Here are a couple of trending headlines to share with you before flying to Tokyo. In Japan right now trending up is the pollen count, but trending down are the children.

Japan's renowned cherry blossoms have been in glorious bloom now since April. But while the world revels in their stunning pink and white splendor, the economic impact on Japan is no trifling matter—$1.8 billion "because of pollen-induced allergies" (www.money.cnn.com/2018/05/04/news/economy/japan-hay-fever-economy/index....). According to Toshihiro Nagahama, chief economist with the Dai-Ichi Life Research Institute, "The damage comes in several forms. . . . Fewer people want to go out, which hits consumption, and workers suffering from hay fever take more sick days. Or if they do show up to work, they're less productive. And 2018 is looking like one of the worst years on record for hay-fever sufferers in Japan. The pollen count in some parts of the country has more than doubled compared with last year" (ibid).

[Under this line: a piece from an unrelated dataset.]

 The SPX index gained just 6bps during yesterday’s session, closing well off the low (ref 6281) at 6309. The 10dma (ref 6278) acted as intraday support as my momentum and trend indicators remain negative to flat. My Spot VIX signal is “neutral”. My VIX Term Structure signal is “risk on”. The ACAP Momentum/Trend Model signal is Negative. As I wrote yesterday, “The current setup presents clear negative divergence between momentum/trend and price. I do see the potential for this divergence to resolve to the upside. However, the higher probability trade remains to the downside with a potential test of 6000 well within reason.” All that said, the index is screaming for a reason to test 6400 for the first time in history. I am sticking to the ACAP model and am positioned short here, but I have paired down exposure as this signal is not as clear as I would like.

 But trending down for the Land of the Rising Sun is the child count. According to The Japan Times: "The number of children in Japan fell for the 37th consecutive year to yet another record low, signaling that Prime Minister Shinzo Abe's efforts to combat the low birthrate are still wanting" (www.japantimes.co.jp/news/2018/05/04/national/number-children-japan-fall...). In fact comparing 32 countries with a population of 40 million or more, Japan is ranked the lowest in terms of the ratio of children (a child is defined as a person aged 14 or under) to overall population (12.3%). Lower birth rates are the harbinger of a dwindling work force and sagging economy. This past year Japan's child count  dropped another 170,000.

In all candor the church in Japan faces a similar challenge. The number of "second birth" or "born again" members  is dropping. And the outlook is glum. But "glum" is a human attitude, not a divine perspective. In fact I believe God's stunning YES CAN DO perspective for reaching and winning new children for His Kingdom in Japan (and throughout the world) is over the top! How else shall we explain John's vision of all the saved in heaven one day (we pray soon): "After this I looked and there before me was a great multitude that no one could count, from every nation, tribe, people and language, standing before the throne and in front of the Lamb. They were wearing white robes and were holding palm branches in their hands" (Revelation 7:9).

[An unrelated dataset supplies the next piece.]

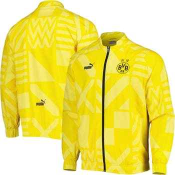 Train like your favorite Borussia Dortmund players while wearing this Pre-Match Training jacket from Puma. It is a full-zip, lightweight top that features raglan sleeves for increased mobility and comfortability. The heat-sealed graphics on top of the sublimated design make this the perfect option to show your support for the Borussia Dortmund.

 Did you catch that? The number of the redeemed from earth is so high no one can count it!

 I say we take courage from this stunning portrayal of God's saving love for His lost earth children—He is going to save us by the tens of thousands of millions. And those numbers will include Japan!

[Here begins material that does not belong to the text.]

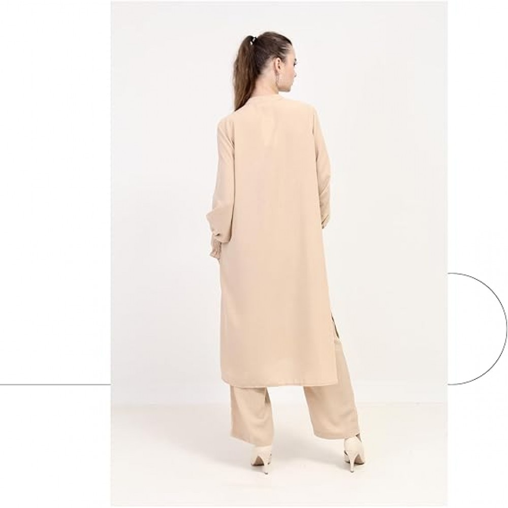 - Stylish Ensemble: This linen outfit set features a trendy design, combining a long sleeve top with matching leg pants for a fashionable and coordinated look.

 So on the eve of my flying to Tokyo for the upcoming full-court press evangelistic series on the campus of Saniku Gakuin Adventist College (where 70% of the 201 students are non-Christian pagans, to put it bluntly)—I earnestly solicit your prayer partnership on behalf of all the evangelistic series and preachers across the islands of Japan this month. Put your finger on God's promise: "Therefore in the east [Land of the Rising Sun] give glory to the LORD; exalt the name of the LORD, the God of Israel, in the islands of the sea [Japan]" (Isaiah 24:15). "Sing to the LORD a new song . . . you islands, and all who live in them" (Isaiah 42:10). How the Savior longs for the day when Japanese voices will join that innumerable throng in singing the praises of our Redeemer and God!

 Look—if the "pollen count" in Japan can go up, why can't the "pollen count" of the Holy Spirit and His contagious "everlasting gospel" go up as well! Of course it can—it must. So we must pray—pray as we have never prayed before for God's supernatural release of (1) the dark lord's iron grip upon that land and (2) Christ Jesus' penetration throughout that society. Let the ether be filled with His life-giving "pollen." And our prayers.